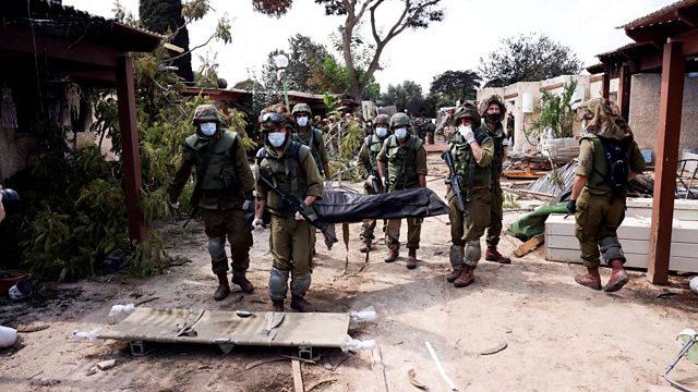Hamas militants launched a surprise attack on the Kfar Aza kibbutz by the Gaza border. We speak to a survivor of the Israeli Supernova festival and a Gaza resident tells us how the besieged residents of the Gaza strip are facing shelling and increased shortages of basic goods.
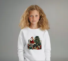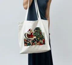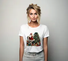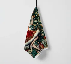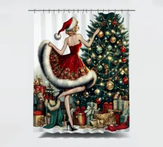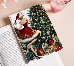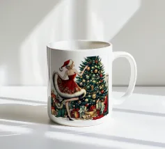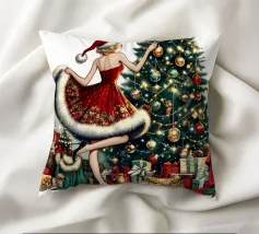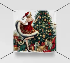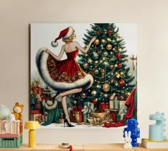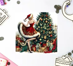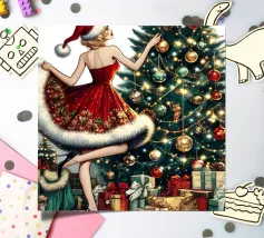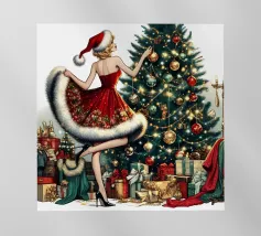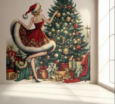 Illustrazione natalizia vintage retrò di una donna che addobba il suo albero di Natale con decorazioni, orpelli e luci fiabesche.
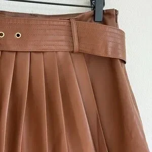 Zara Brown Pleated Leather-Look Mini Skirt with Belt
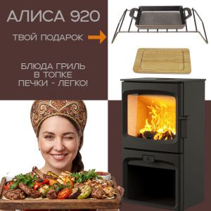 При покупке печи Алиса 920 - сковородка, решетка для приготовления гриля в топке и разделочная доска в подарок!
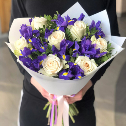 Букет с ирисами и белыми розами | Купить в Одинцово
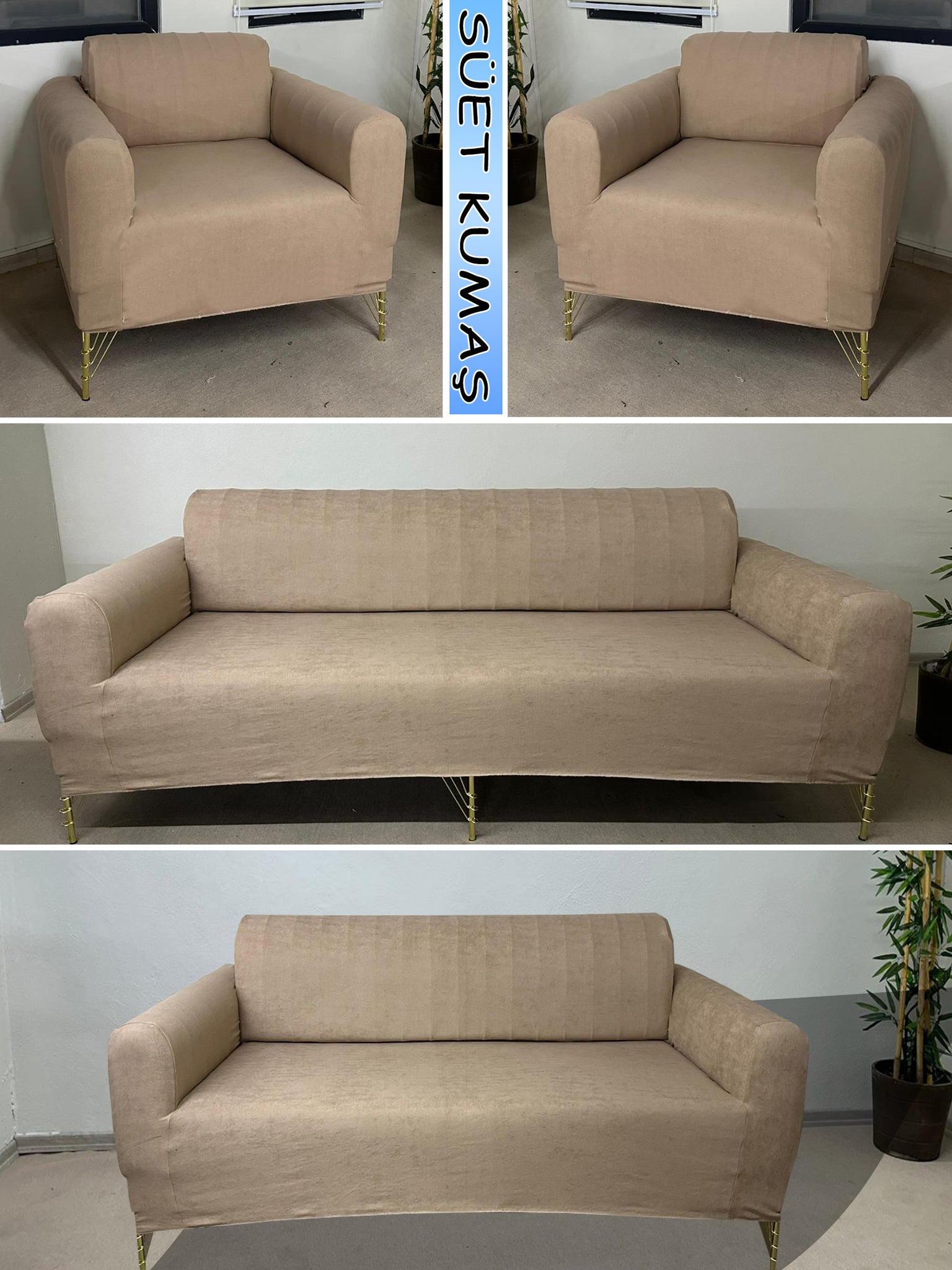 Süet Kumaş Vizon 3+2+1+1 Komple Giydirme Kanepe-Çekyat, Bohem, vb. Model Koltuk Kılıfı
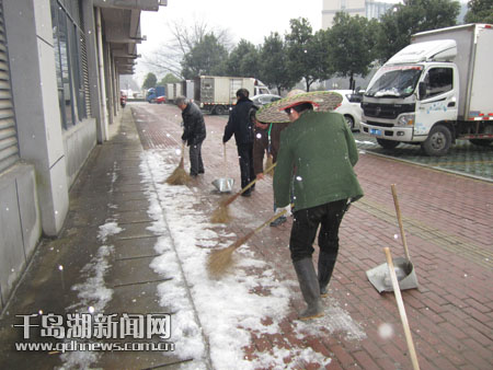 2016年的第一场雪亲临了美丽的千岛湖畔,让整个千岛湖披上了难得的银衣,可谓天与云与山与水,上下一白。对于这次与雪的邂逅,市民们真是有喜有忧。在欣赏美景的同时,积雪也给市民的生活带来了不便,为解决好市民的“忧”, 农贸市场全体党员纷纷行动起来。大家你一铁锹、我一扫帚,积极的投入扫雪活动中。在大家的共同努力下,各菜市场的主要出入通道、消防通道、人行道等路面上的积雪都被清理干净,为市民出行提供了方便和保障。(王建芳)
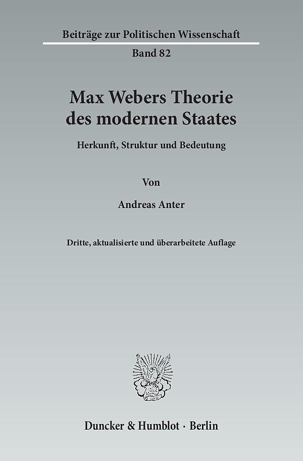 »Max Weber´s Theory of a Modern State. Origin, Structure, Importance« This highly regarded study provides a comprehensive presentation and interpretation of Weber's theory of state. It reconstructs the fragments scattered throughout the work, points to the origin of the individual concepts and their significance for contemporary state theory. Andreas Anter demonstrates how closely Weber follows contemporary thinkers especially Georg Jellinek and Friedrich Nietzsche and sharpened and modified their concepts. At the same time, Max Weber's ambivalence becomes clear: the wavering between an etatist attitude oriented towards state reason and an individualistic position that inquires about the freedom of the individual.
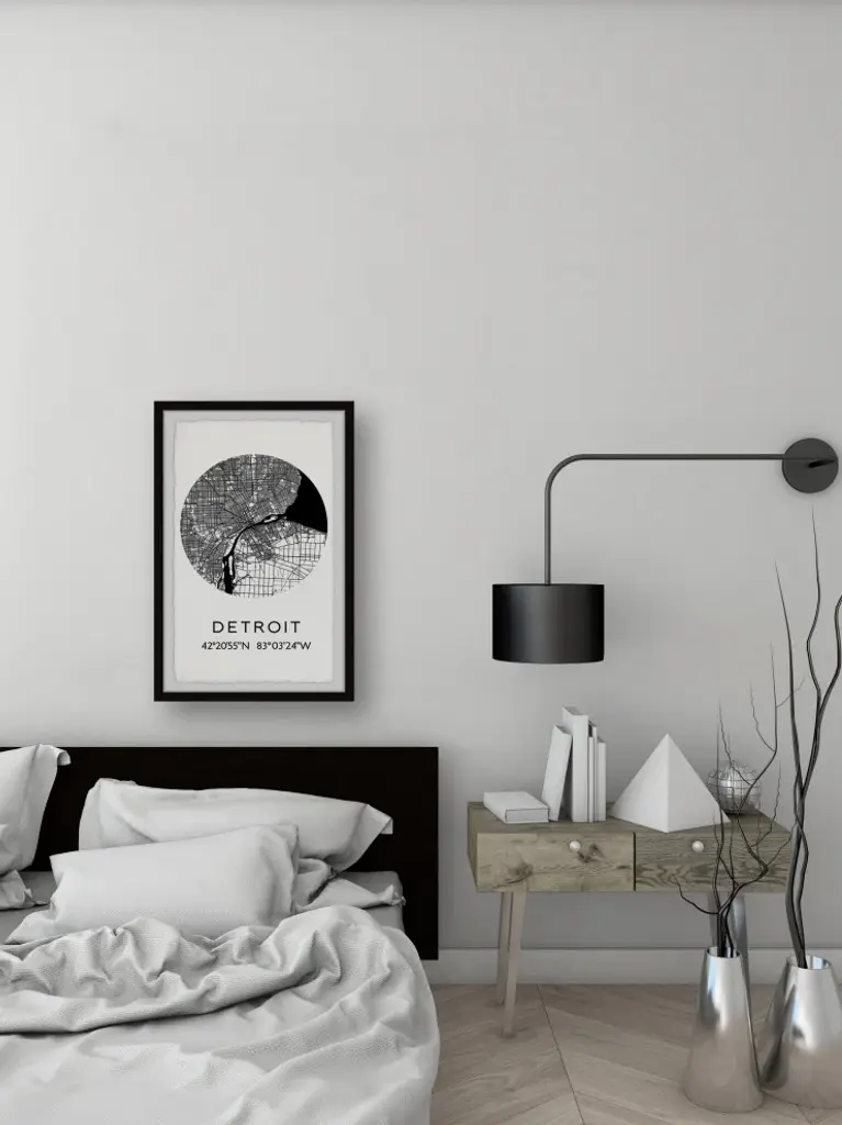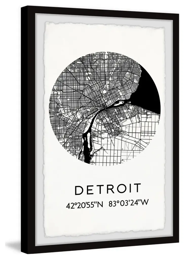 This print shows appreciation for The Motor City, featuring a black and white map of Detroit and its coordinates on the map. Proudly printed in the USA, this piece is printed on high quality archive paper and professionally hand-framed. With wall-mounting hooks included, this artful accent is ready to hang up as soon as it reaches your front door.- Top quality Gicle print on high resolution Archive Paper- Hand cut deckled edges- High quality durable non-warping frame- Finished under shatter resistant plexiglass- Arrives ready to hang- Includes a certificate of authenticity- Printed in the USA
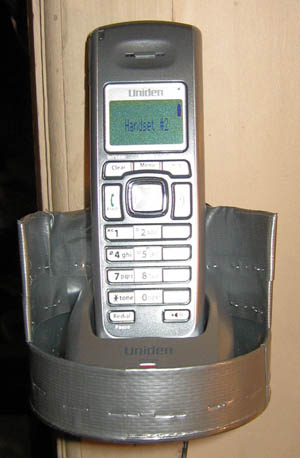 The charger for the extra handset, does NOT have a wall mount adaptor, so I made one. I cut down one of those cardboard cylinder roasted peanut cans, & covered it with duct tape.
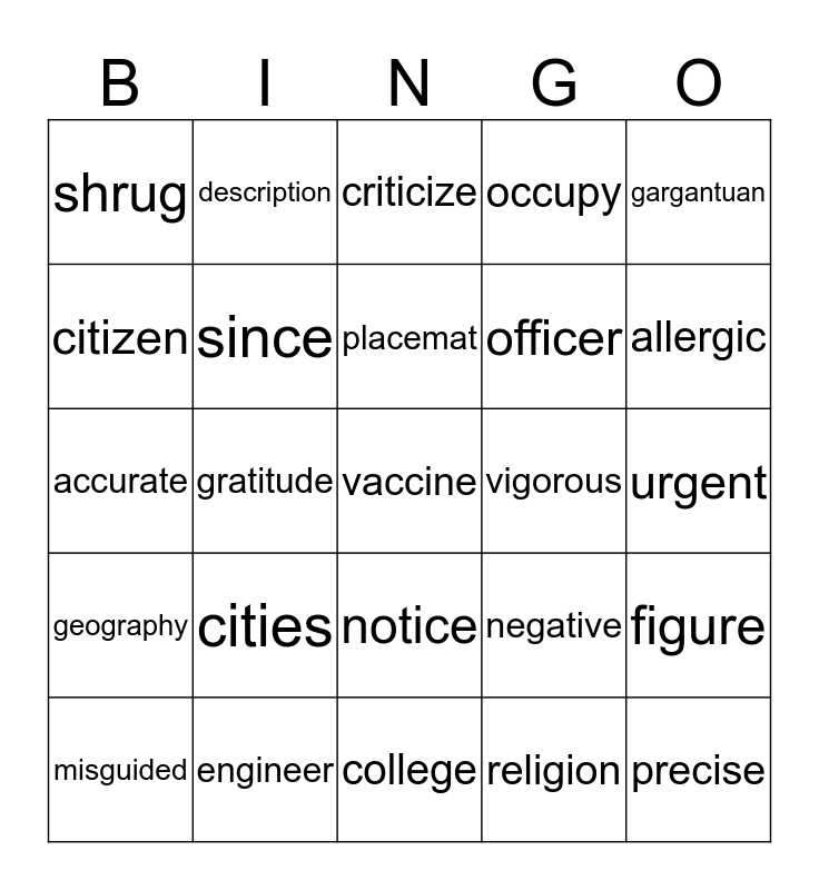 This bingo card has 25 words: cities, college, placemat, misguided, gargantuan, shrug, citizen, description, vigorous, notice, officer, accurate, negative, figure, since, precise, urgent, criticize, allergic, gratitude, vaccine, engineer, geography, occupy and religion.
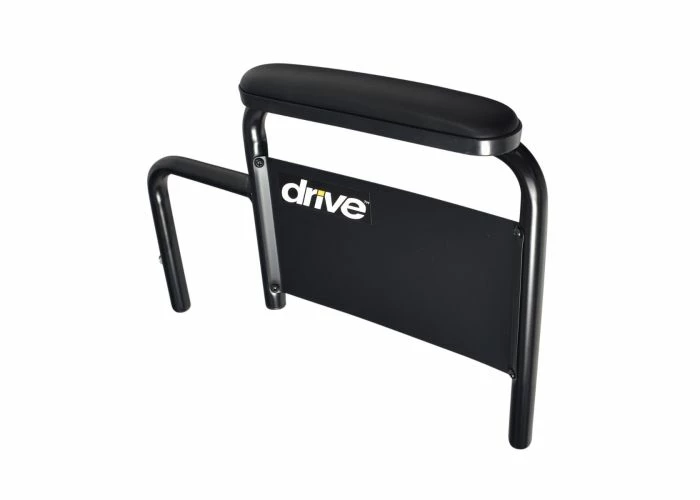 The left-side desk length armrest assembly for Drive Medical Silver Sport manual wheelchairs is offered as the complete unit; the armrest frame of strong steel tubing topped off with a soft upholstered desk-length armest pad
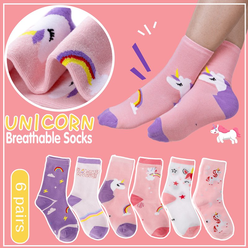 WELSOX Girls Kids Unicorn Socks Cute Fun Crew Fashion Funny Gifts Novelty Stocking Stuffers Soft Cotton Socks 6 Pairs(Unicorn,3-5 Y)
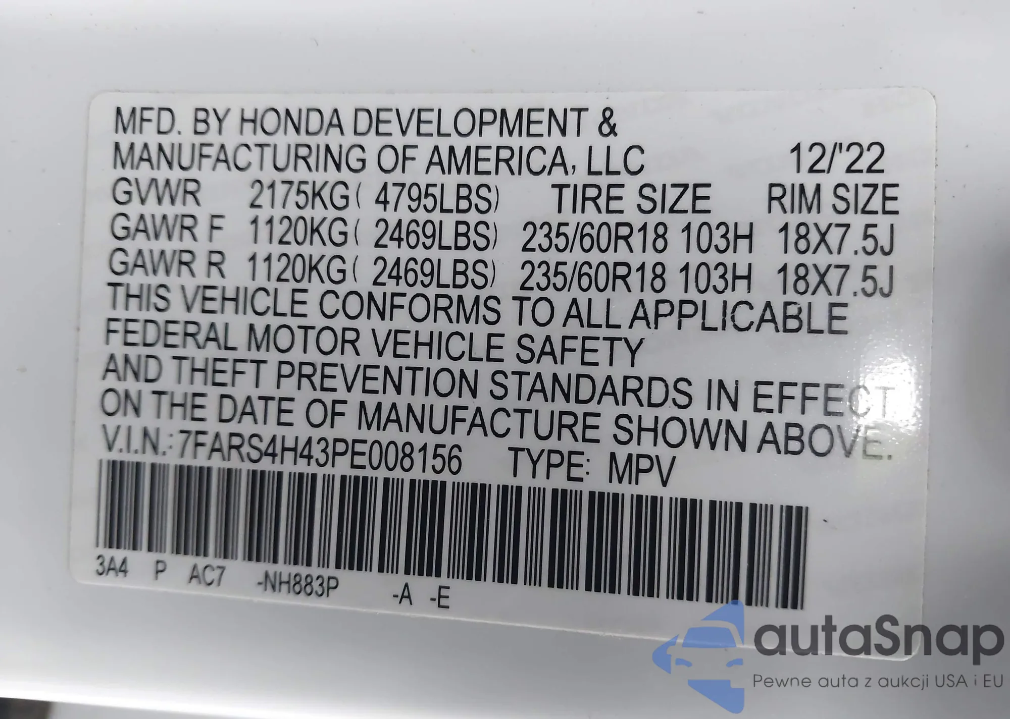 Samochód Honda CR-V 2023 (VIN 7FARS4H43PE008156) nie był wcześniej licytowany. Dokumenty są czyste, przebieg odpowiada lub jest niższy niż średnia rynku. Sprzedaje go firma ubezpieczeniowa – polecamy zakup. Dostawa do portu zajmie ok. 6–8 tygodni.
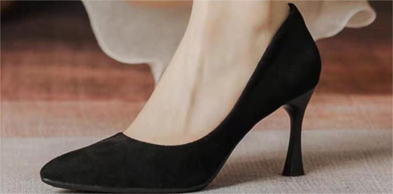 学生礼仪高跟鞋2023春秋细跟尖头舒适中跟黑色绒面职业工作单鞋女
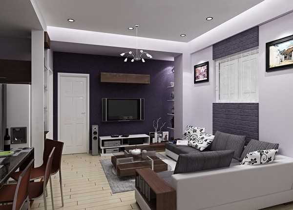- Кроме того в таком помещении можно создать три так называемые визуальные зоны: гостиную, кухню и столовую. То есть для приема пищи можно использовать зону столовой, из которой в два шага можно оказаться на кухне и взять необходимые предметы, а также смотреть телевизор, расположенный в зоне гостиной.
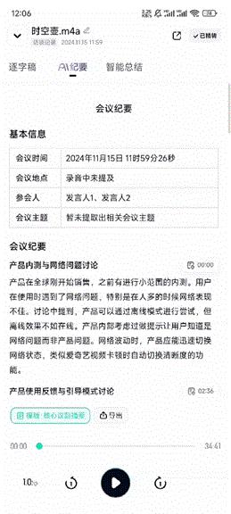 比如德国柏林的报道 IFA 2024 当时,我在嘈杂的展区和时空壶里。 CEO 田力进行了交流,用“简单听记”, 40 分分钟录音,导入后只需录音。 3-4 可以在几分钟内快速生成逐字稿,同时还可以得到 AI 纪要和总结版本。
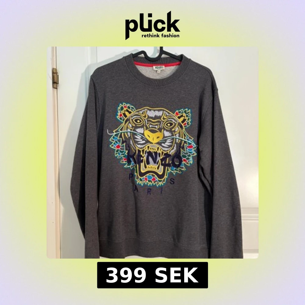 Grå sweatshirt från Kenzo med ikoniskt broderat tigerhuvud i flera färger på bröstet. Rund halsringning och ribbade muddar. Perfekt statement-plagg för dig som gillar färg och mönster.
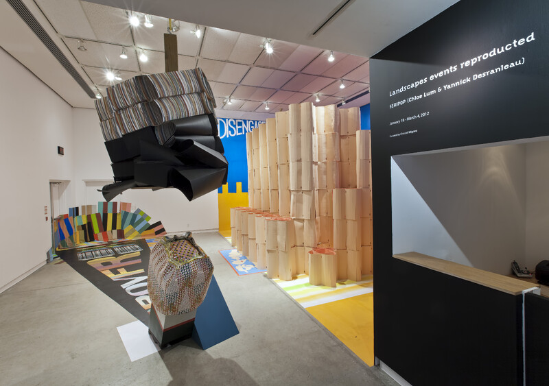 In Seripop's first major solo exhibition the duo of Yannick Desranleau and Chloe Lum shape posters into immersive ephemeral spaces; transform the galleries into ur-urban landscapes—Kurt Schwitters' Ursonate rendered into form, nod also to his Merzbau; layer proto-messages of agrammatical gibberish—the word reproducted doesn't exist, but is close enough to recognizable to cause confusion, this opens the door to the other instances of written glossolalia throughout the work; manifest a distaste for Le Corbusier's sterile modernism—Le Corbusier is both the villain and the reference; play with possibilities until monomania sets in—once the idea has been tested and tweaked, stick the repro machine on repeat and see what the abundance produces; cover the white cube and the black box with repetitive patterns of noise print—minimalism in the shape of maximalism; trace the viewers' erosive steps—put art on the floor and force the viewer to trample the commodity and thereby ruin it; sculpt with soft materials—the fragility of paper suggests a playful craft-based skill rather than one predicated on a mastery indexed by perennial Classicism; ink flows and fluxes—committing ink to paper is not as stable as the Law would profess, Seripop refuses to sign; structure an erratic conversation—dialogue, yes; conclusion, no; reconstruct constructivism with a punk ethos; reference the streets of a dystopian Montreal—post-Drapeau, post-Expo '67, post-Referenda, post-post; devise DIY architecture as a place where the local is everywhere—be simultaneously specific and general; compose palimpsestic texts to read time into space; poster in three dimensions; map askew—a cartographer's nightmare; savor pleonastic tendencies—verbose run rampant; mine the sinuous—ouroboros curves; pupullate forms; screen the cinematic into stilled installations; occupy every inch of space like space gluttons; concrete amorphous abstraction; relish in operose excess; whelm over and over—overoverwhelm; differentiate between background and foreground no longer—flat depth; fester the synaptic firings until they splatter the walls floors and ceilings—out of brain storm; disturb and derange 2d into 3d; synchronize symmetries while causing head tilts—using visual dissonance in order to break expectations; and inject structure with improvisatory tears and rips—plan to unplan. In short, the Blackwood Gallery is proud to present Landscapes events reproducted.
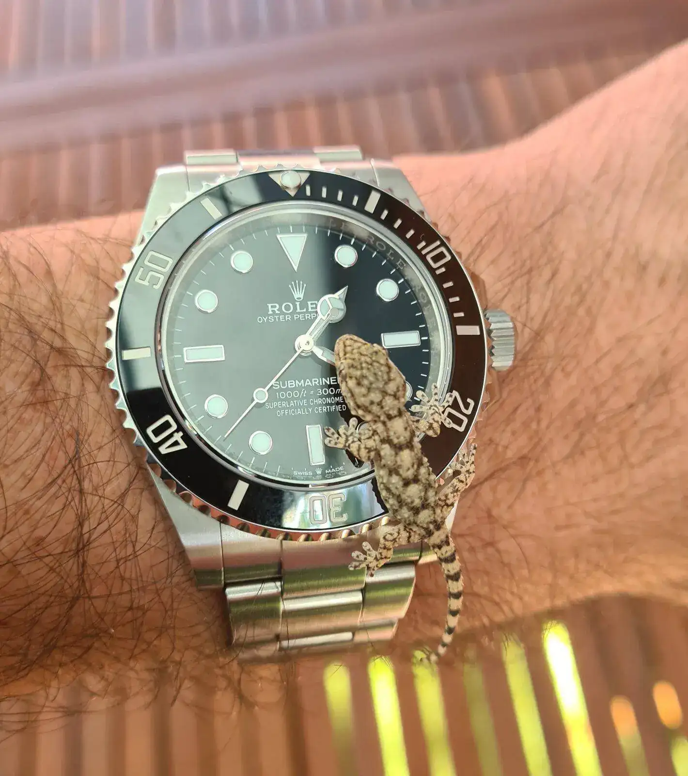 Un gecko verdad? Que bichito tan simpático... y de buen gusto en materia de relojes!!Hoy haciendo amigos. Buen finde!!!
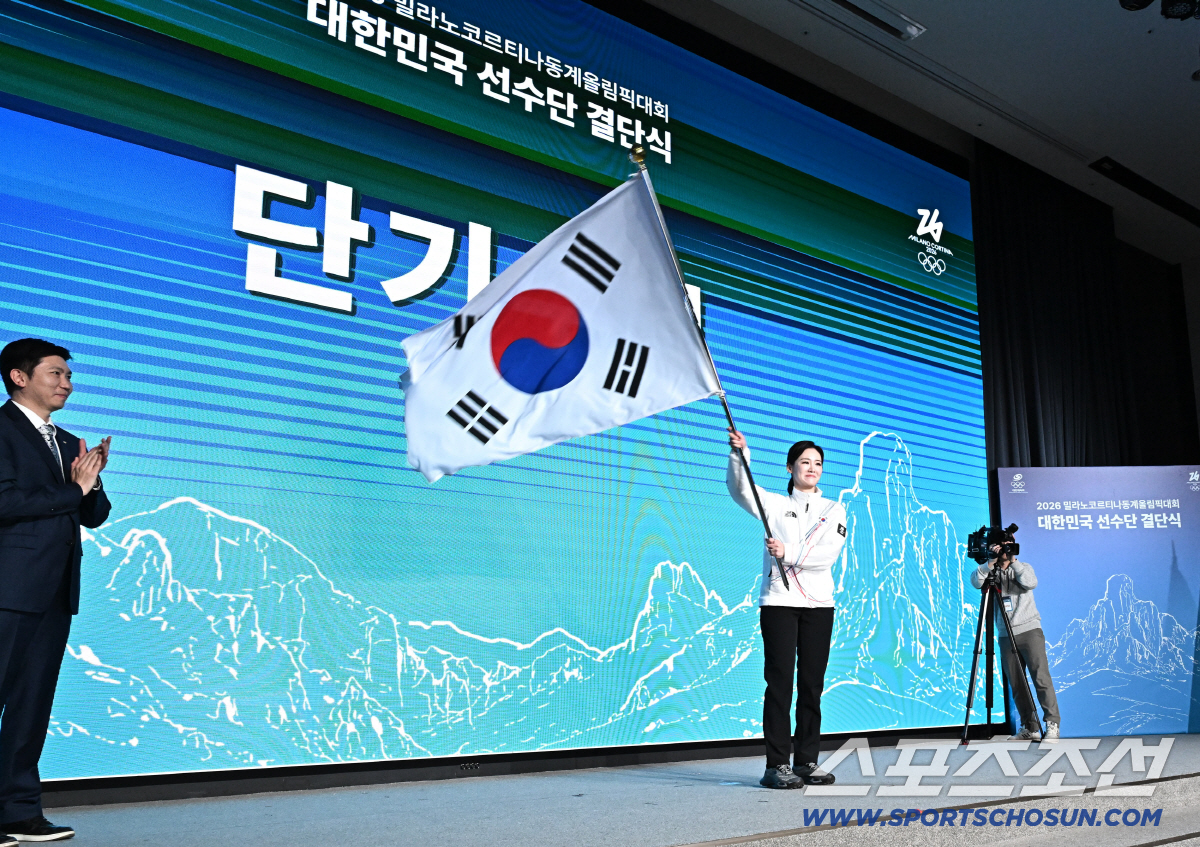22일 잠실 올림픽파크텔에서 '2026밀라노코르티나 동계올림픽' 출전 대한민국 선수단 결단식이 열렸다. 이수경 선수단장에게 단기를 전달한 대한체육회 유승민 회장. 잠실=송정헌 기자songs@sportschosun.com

══════

= Assignment =
Reproduce the data above exactly, but only from the line containing "WELSOX Girls Kids" through the line containing "- Кроме того"; skip the pictures.

= Answer box =
 WELSOX Girls Kids Unicorn Socks Cute Fun Crew Fashion Funny Gifts Novelty Stocking Stuffers Soft Cotton Socks 6 Pairs(Unicorn,3-5 Y)
 Samochód Honda CR-V 2023 (VIN 7FARS4H43PE008156) nie był wcześniej licytowany. Dokumenty są czyste, przebieg odpowiada lub jest niższy niż średnia rynku. Sprzedaje go firma ubezpieczeniowa – polecamy zakup. Dostawa do portu zajmie ok. 6–8 tygodni.
 学生礼仪高跟鞋2023春秋细跟尖头舒适中跟黑色绒面职业工作单鞋女
- Кроме того в таком помещении можно создать три так называемые визуальные зоны: гостиную, кухню и столовую. То есть для приема пищи можно использовать зону столовой, из которой в два шага можно оказаться на кухне и взять необходимые предметы, а также смотреть телевизор, расположенный в зоне гостиной.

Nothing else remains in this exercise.